А как же уверенность, будто вы в любой момент можете все прекратить, стоит только захотеть? Это тоже иллюзия. Чем больше мы вовлечены в аферу, тем меньше вероятность, что мы сможем из нее выпутаться. Мы обманываем себя, думая, будто можем принять решение и все бросить даже после того, как сами отрезали себе пути к отступлению. Мы упорно продолжаем думать, что у нас все под контролем, даже если это не так. Это чувство придает нам уверенности. Но эта уверенность – заблуждение.
Фридман сказала мне, что, если бы хоть раз прозвучал тревожный сигнал, она немедленно прекратила бы историю с картинами. Но она ни разу ничего не почувствовала – ни единого раза, пока не стало слишком поздно. Она несла ответственность перед искусством и никогда не позволила бы подвергать настоящее искусство сомнениям. Даже после того, как начали поступать судебные иски, она твердо стояла на своем. Не было никаких тревожных сигналов. Не было никаких оснований для сомнений. Картины говорят сами за себя, и эти картины подлинные.
Тот день запомнился ей навсегда: утром ей позвонил адвокат и сообщил, что Глафира Розалес сделала признание. Все картины оказались подделками. Ошеломленная, Фридман молча положила трубку. Этого просто не могло быть. Картины были подлинными. Она знала это, чувствовала сердцем. Она догадалась бы, если бы они на самом деле были поддельными. Она бы почувствовала. Она бы увидела. Но Розалес призналась, и ситуация вышла из-под контроля Фридман. Признание не оставляло простора для толкований. Все эти годы, вся ее работа, все эти шедевры – все это было ложью. Она благополучно прошла этапы добавки и взятки, так и не поняв, что ее втянули в игру.

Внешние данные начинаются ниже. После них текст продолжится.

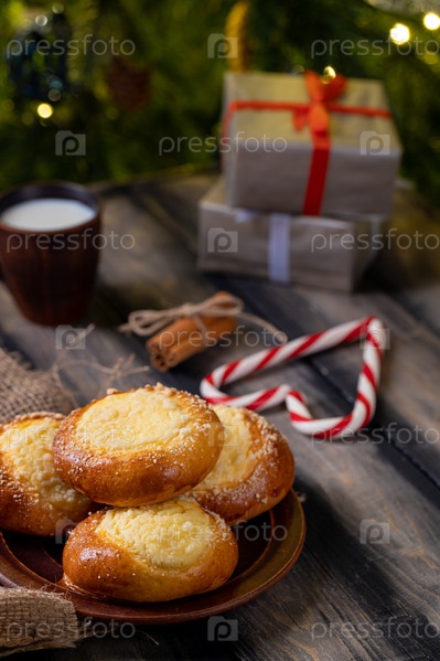 Вкусный домашний пирог с молоком на деревянном столе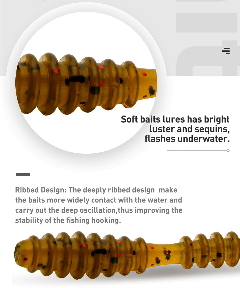 4. Fácil de colocar: Pesca estos con un jighead, o aparejo como un rig de tiro directo, Gema Rig, Carolina Rig. Adecuado para varios tipos de peces, por ejemplo, pez gato, perca, lubina, Lucio, trucha, muskie, walleye, etc., opciones ideales para los entusiastas de la pesca.

Был вечер накануне дня ее рождения. Энн Фридман в одиночестве сидела на кровати в своем номере в Сент-Луисе. Она приехала на встречу выпускников Вашингтонского университета и, как всегда, остановилась в отеле Ritz. Она смотрела на свой сотовый телефон. Каждый год начиная по крайней мере с 1995-го Глафира неизменно поздравляла ее с днем рождения. И никогда не забывала преподнести ей подарок – всегда что-то элегантное и с отменным вкусом, ничего сногсшибательного, но всегда со смыслом. Она знала, что не должна звонить ей. Ее адвокаты не раз об этом предупреждали. Но она ничего не могла с собой поделать. Им нужно было поговорить.
Глафира взяла трубку после первого гудка. Энн на самом деле не ожидала услышать ее голос. Она знала, что Глафиру тоже предупредили, чтобы она держалась подальше от Энн. Следствие по уголовному делу шло полным ходом.
«Вы разрушили мою жизнь. – Это все, что Энн хотела ей сказать. – Надеюсь, вы понимаете, что разрушили всю мою жизнь. Я доверяла вам, а вы меня разорили». Глафира не ответила. Она пробормотала что-то невнятное, кажется, похожее на извинение. Или нет. Энн показалось, что она слышит всхлип. Связь оборвалась.